Hypothesis / aims of study
Artificial urethral sphincter (AUS) is the gold standard as a treatment for severe stress urinary incontinence (SUI) after radical prostatectomy. The number of AUS implantations has been increasing in Japan since the remedy was provided by medical insurance in 2012. Even though the AUS is implanted, symptoms of SUI worsen again and revision surgery is required because of urethral atrophy, urethral erosion, mechanical failure, and so on. Previous reports indicated that approximately 30-50% of patients have experienced treatment failure during follow-up1,2. However, there are few reports focusing on long term patient reported outcome after surgery. Therefore, we conducted a prospective study into how quality of life (QOL) reported by patients with AUS implantation changes before and after the surgery over time.
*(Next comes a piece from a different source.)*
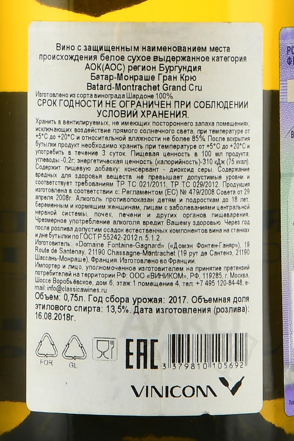 / Domaine Fontaine-Gagnard Сайт alcoplaza.ru содержит информацию, не рекомендованную для лиц, которые не достигли возраста 18 лет. Чтобы осуществить вход на сайт, Вам необходимо подтвердить свой совершеннолетний возраст. Сведения, размещенные на сайте , не являются рекламой, носят исключительно информационный характер, и предназначены только для личного использования. Информация на сайте не является публичной офертой.

Study design, materials and methods
Fifty-eight patients underwent AUS implant surgery in our institute from 2007 to 2018,11 of whom have been followed for more than 4 years after primary surgery without revision in our institute continuously. Patients have filled out the questionnaire of ICIQ-SF (International Consultation on Incontinence) and KHQ (King Health Questionnaire) before, 1 year and 4 more years after primary surgery. For ICIQ-SF, patients were asked to rate answers on a Likert scale with a maximum possible score on the first 3 questions of 5, 6 and 10, respectively. KHQ consists of 9 items scored on a scale of 0 to 100 with 0 representing the best condition and higher scores indicating worse conditions. The Wilcoxson signed rank test was used to compare changes in total scores of ICIQ-SF and each KHQ domain at the points before vs 1 year and more than 4 years after surgery.
Results
Fifty-eight patients underwent AUS implantation (all devices were AMS 800TM), 8 of whom had revision of AUS (median time of revision surgery was 35.5 months after first surgery). The reasons for treatment failure were mechanical failure, urethral atrophy and urethral erosion in 4 cases, 3 cases and 1 case, respectively. Eleven of 50 patients (non-revision group) had been followed continuously for more than 4 years in our institute. The median age of the 11 patients and follow-up months after AUS implantation were 77 years old and 52 months, respectively. Regarding ICIQ-SF, total score deteriorated at the point of 4 years after surgery after having improved significantly at 1 year after surgery (p=0.017) (Figure 1). Six of 9 domains of KHQ improved significantly at a year after surgery. In addition, 2 domains (Role limitation score and Social limitation score) have significance at 4 years after surgery compared to these before surgery (Figure 2). On the other hand, the score of General health perceptions turned worse after having improved at 1 year after surgery.
Interpretation of results
The increase of ICIQ-SF total score during long term follow-up means that the efficacy of AUS was attenuated over time.  However, all patients but 8 have been relatively satisfied with the efficacy of their device for a long time; these 8 patients due to device failure at a median of 35.5 months after surgery. The reasons for device failure are categorized as mechanical issues, urethral atrophy, urethral erosion and device infection. In addition, previous reports indicated that treatment failure is likely to occur mostly during the first 3 years after surgery. These results suggest that patients who avoid infection, urethral erosion and atrophy in the first 3 years after primary surgery could keep relatively better long-term QOL affected by urinary dysfunction.  Five of 11 patients answered “Not Applicable” in the domain “Personal relationship”. This is the reason why the domain did not improve significantly during follow-up in this study. We presume that SUI does not cause severe problems in their relationship with their partner, because Japanese senescence patients are generally sexually inactive.
Concluding message
The long term QOL after AUS implantation more than 4 years after surgery is satisfactory. The treatment failure could worsen patient QOL until 3 years after primary surgery, resulting in requirement of revision. On the other hand once the patients avoid treatment failure by some causes such as mechanical failure, infection, urethral erosion and atrophy  until three years after surgery, they could enjoy better outcomes.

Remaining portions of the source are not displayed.